**Task objective**
Below, some lines carry pictures; leave those pictures out and retype exactly the lines from the one with "Quadro Decorativo Músico" through the one with "The image presents".

**Working data**
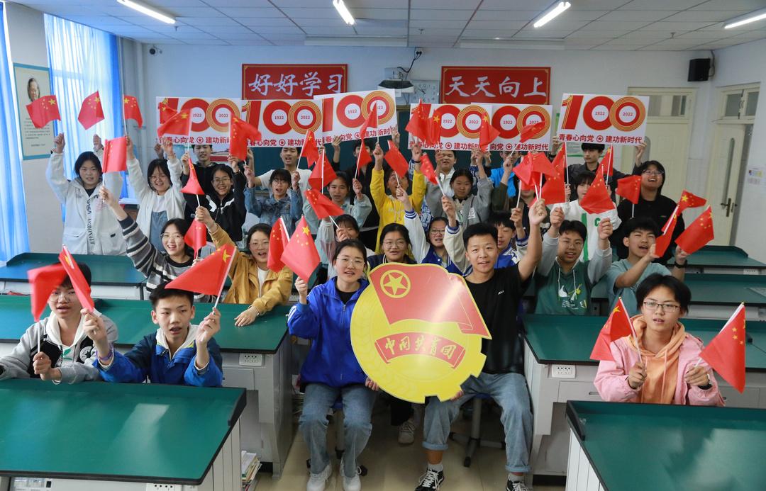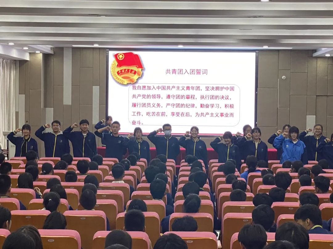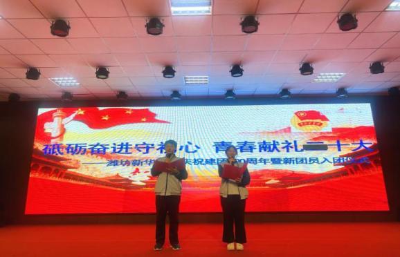 ▲5月10日,潍坊新华中学以“砥砺奋进守初心 青春献礼二十大”为主题,开展了庆祝中国共青团建团100周年暨新团员入团仪式。(潍坊新华中学供稿)
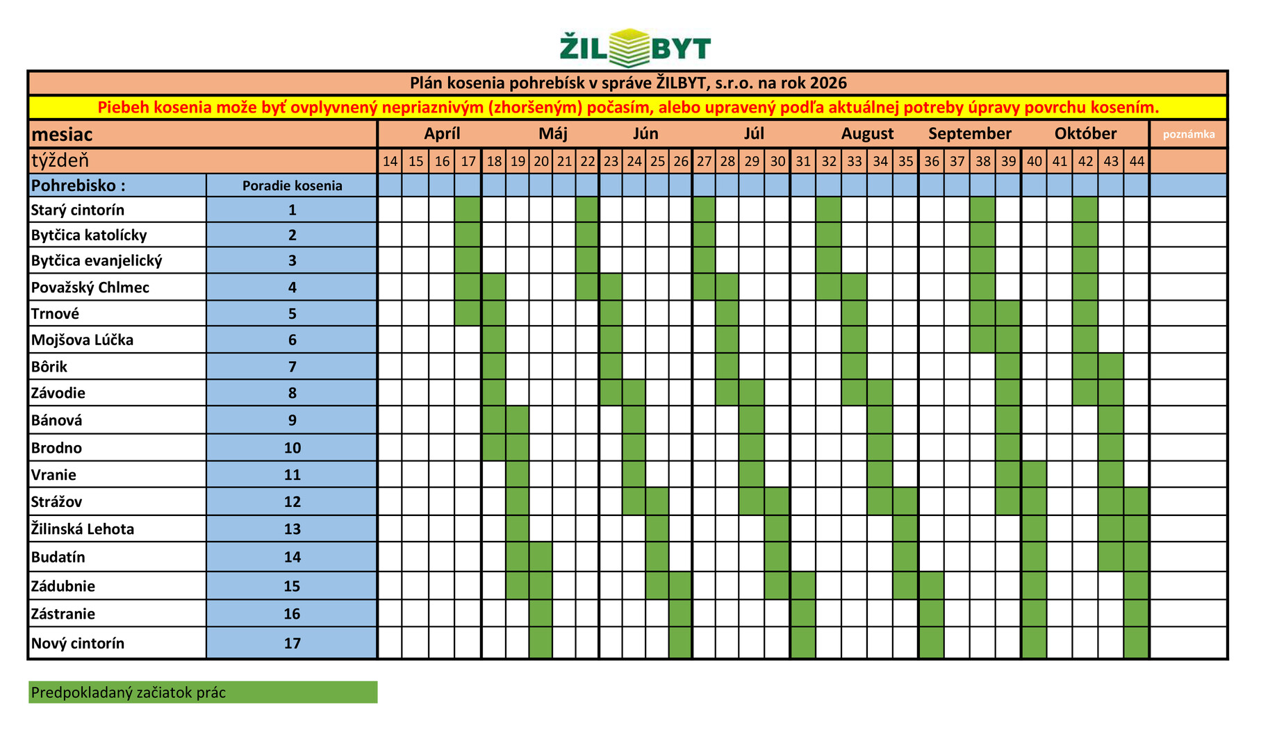 Časový rozvrh kosenia pohrebísk na rok 2026 je zverejnený pre jednotlivé lokality. Sledujte aktuálne termíny, aby ste mali prehľad o plánovanej údržbe cintorínov vo vašom okolí.
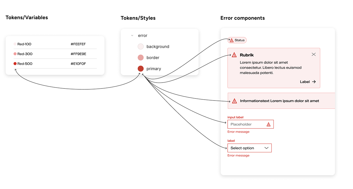 Visualisering av sambandet mellan färg-tokens, styles och hur de appliceras i olika error-komponenter.
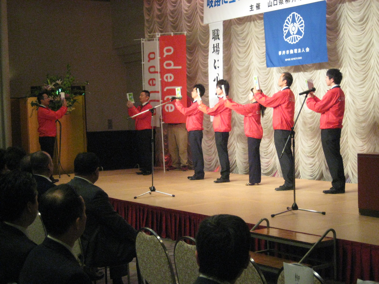 内容としては、3月12日に行われた山口県倫理法人会の朝礼コンテストで優勝いたしました
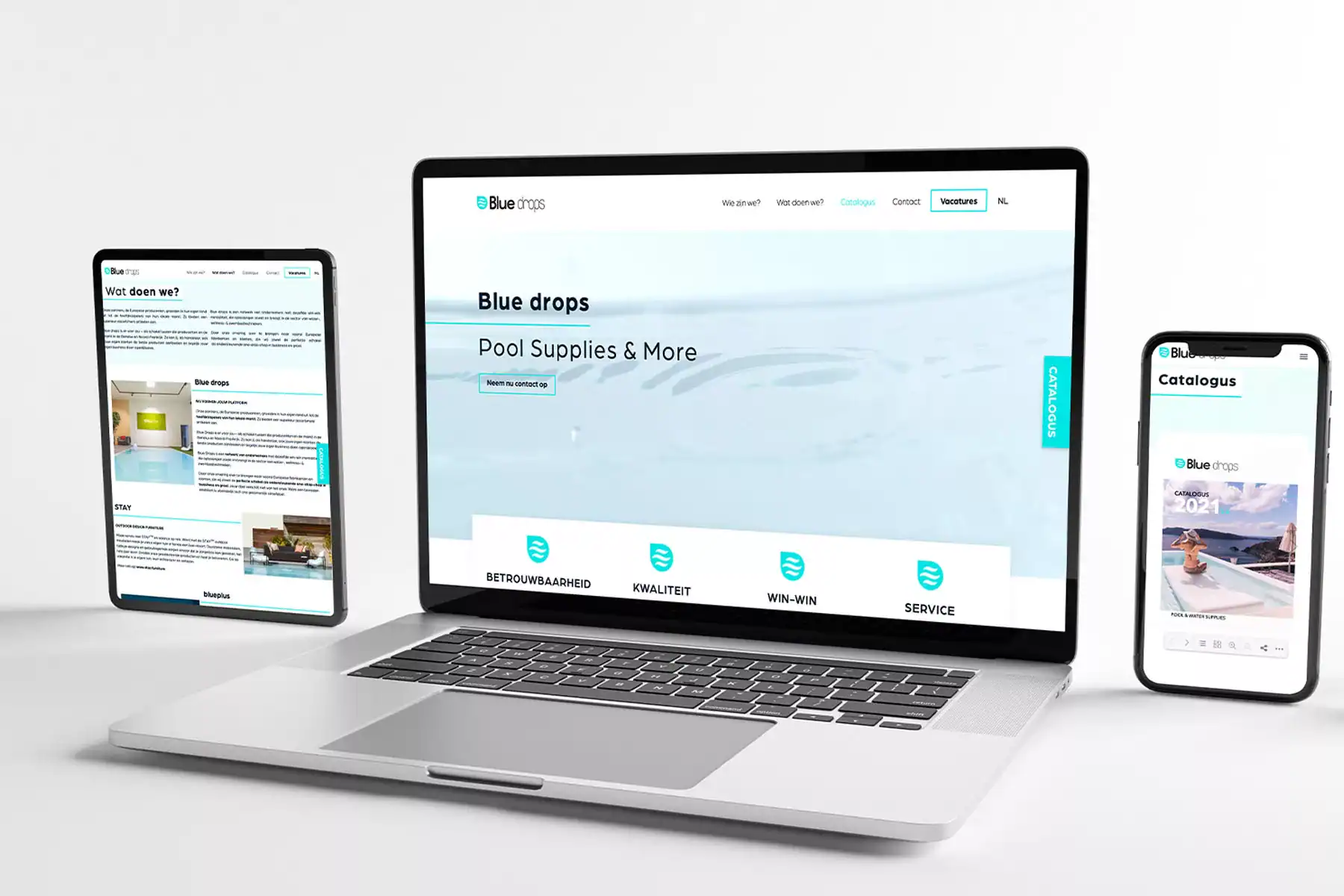 Voor Blue drops sloeg ons team in 2016 de handen in elkaar voor de uitwerking van het volledige concept. Startende met een leuke merknaam, logo en baseline. Vervolgens gingen we aan de slag om een catalogus, flyers en verkoopmappen te ontwerpen. We zorgden uiteraard voor een website in hetzelfde plaatje. In 2021 was de site aan vernieuwing toe, dus zorgde ons team voor een rebranding met ook de nodige functionele upgrades.
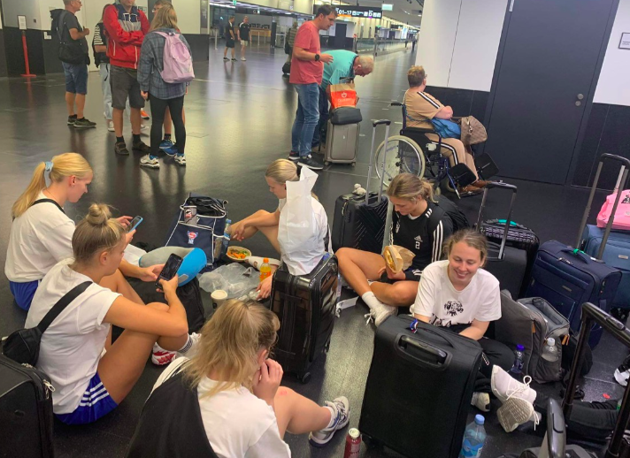 Kvinnurnar hjá KÍ er komnar vegin fram til Kýpros, har liðið skal spæla tríggjar dystir í Champions League. Í gjár kom ferðalagið vegin fram.
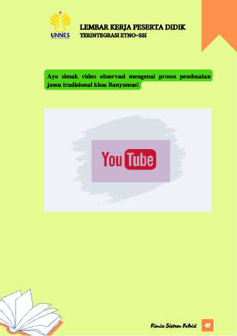 LEMBAR KERJA PESERTA DIDIK TERINTEGRASI ETNO-SSI Ayo simak video observasi mengenai proses pembuatan jamu tradisional khas Banyumas! Kimia Sistem Koloid 47
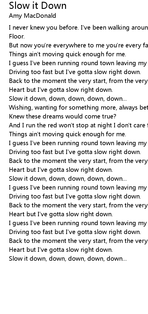Driving too fast but I've gotta slow right down. |
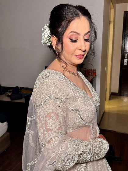 Brides and family members seeking elegant, event-appropriate makeup for pre-wedding functions who want to look radiant while maintaining their natural beauty.
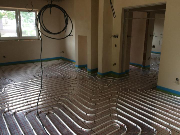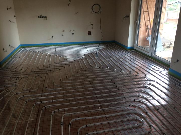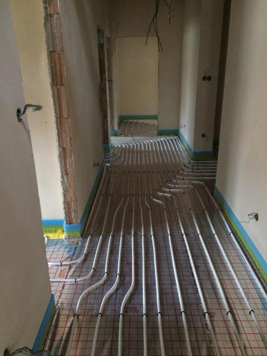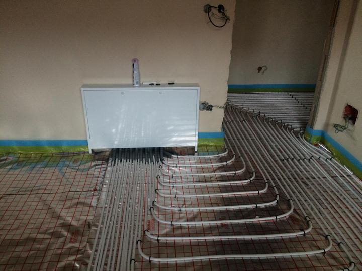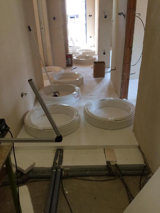 červenec 2018 - podlahové topení, zalití podlah, položení dlažby v technických místnostech
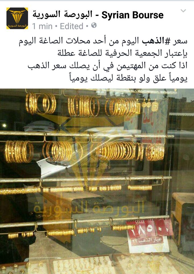 وكانت صفحة "البورصة السورية" نشرت أمس الأحد صورة لإحدى محلات الذهب، وضع سعراً لغرام الـ 21، أعلى من السعر الرسمي بـ 1600 ليرة. لكن الصفحة لم تحدد اسم ومكان المحل، واكتفت بالتأكيد على أن الصورة التُقطت أمس الأحد.
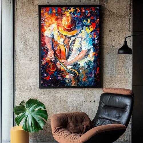 Quadro Decorativo Músico Estilo Pintura Borda Infinita - 118x78cm -
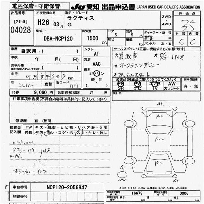 X NCP120 1NZ-FE Передний CVT 1.496 л 109 л.с AИ-92 1 620 000 ¥
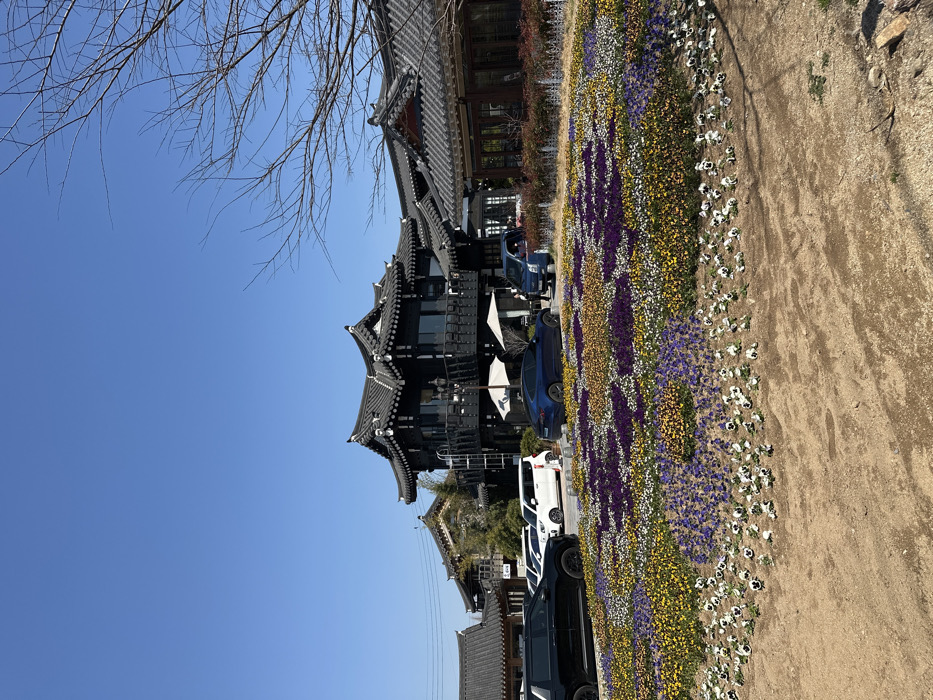 The image presents an outdoor scene in Gyeongju-si, South Korea, under a clear, cloudless blue sky. In the immediate foreground, a broad expanse of light brown soil transitions into a large, rectangular flowerbed displaying pansies in distinct patterns of white, purple, yellow, and orange blooms. Beyond the flowerbed, a paved area serves as a parking space, occupied by several vehicles: a black SUV on the left, a white minivan, a dark blue sedan (likely a Tesla Model 3), and a blue minivan on the right. In the midground and background, a complex of traditional Korean-style buildings is prominent. The central and largest structure is a multi-story building characterized by its black exterior walls, dark gray tiled roofs with ornate curved eaves, and multiple windows. Outdoor seating with white umbrellas is visible near its base, suggesting a commercial establishment like a cafe or restaurant. To the right of this building, another traditional Korean structure with a dark tiled roof and reddish-brown walls is visible. Additional traditional buildings with similar rooflines are partially visible further left and behind the main structures. Several indistinct human figures are present near the buildings and parked vehicles. On the far right, bare tree branches extend into the frame, indicating the season.
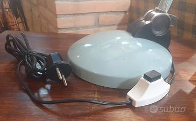 Lampada ministeriale tedesca, anni '40-'50, celeste polvere, asta snodabile sia in alto (cappello direzionabile) che alla base.
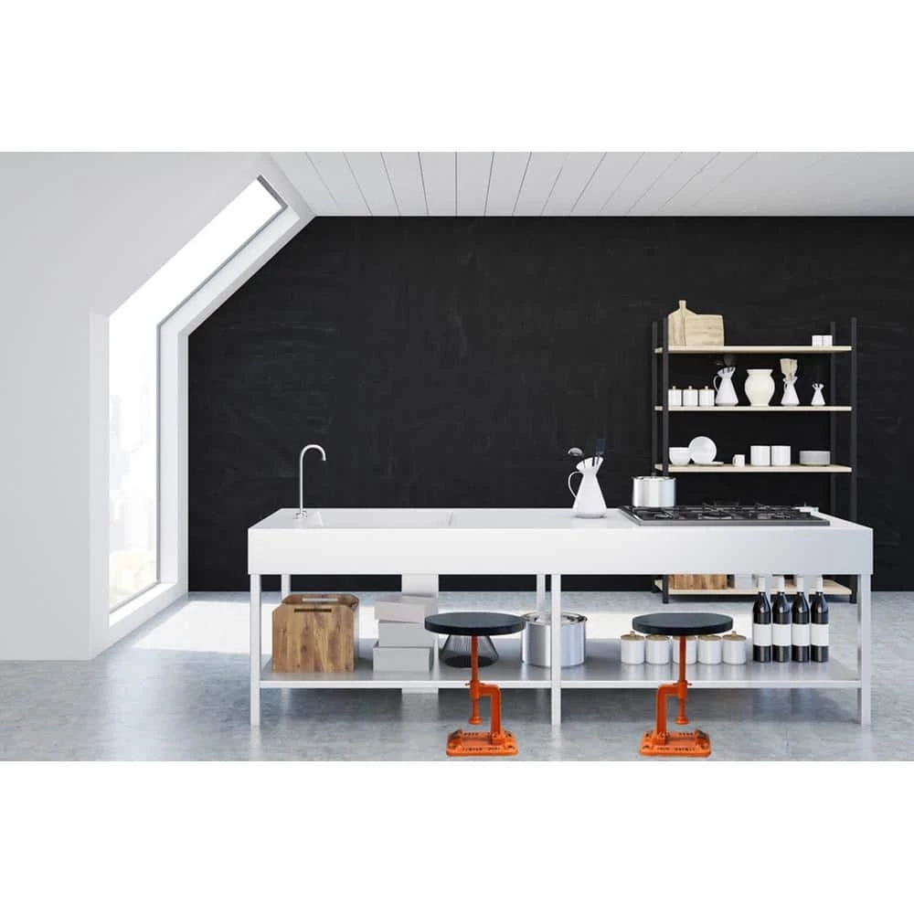 This unique piece of furniture is for the artistically minded. If you’re looking for an adventurous piece to add to your collection, this is the stool for you. With a truly unique aesthetic, this industrial piece is sure to stand out among the crowd which is a great thing. The industrial orange is toned down with the stained light wood seating top. This stool comes as an individual piece and is not sold as a set.
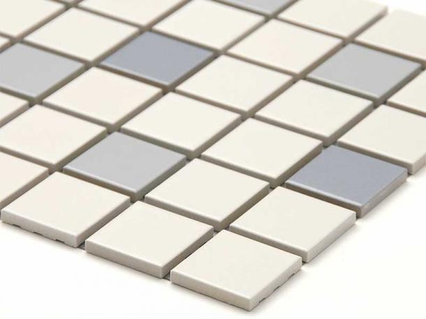 外装モザイクタイル 50mm角(45角)平 表面紙貼り ライトグレー系…
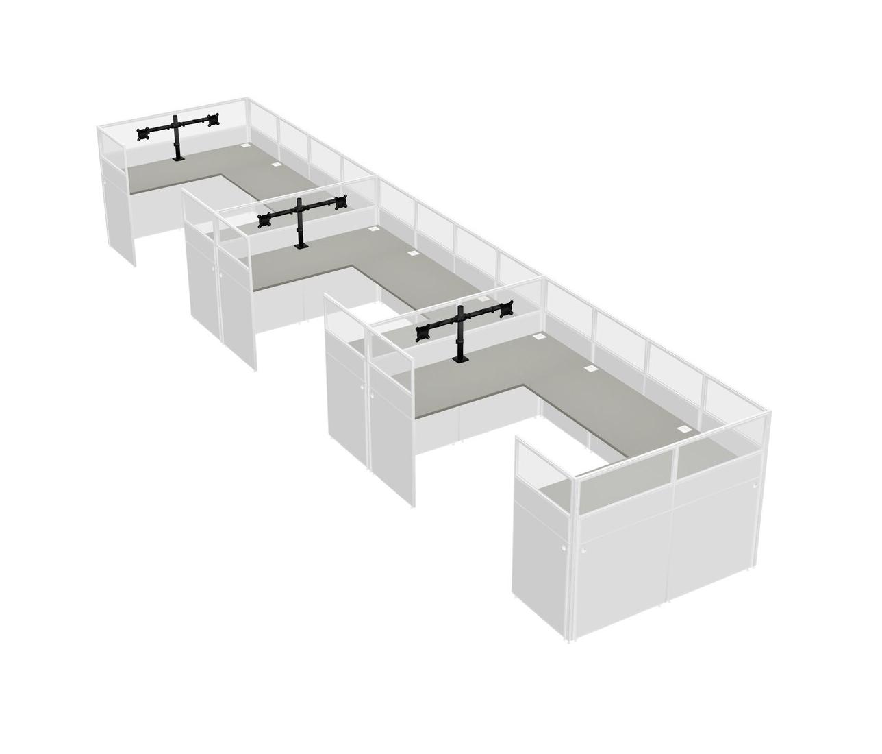 Grey Shadows U-shaped Panel System For 3 Person + Monitor Arm (double Arms) For 3 User(s)

**Answer space**
 Quadro Decorativo Músico Estilo Pintura Borda Infinita - 118x78cm -
 X NCP120 1NZ-FE Передний CVT 1.496 л 109 л.с AИ-92 1 620 000 ¥
 The image presents an outdoor scene in Gyeongju-si, South Korea, under a clear, cloudless blue sky. In the immediate foreground, a broad expanse of light brown soil transitions into a large, rectangular flowerbed displaying pansies in distinct patterns of white, purple, yellow, and orange blooms. Beyond the flowerbed, a paved area serves as a parking space, occupied by several vehicles: a black SUV on the left, a white minivan, a dark blue sedan (likely a Tesla Model 3), and a blue minivan on the right. In the midground and background, a complex of traditional Korean-style buildings is prominent. The central and largest structure is a multi-story building characterized by its black exterior walls, dark gray tiled roofs with ornate curved eaves, and multiple windows. Outdoor seating with white umbrellas is visible near its base, suggesting a commercial establishment like a cafe or restaurant. To the right of this building, another traditional Korean structure with a dark tiled roof and reddish-brown walls is visible. Additional traditional buildings with similar rooflines are partially visible further left and behind the main structures. Several indistinct human figures are present near the buildings and parked vehicles. On the far right, bare tree branches extend into the frame, indicating the season.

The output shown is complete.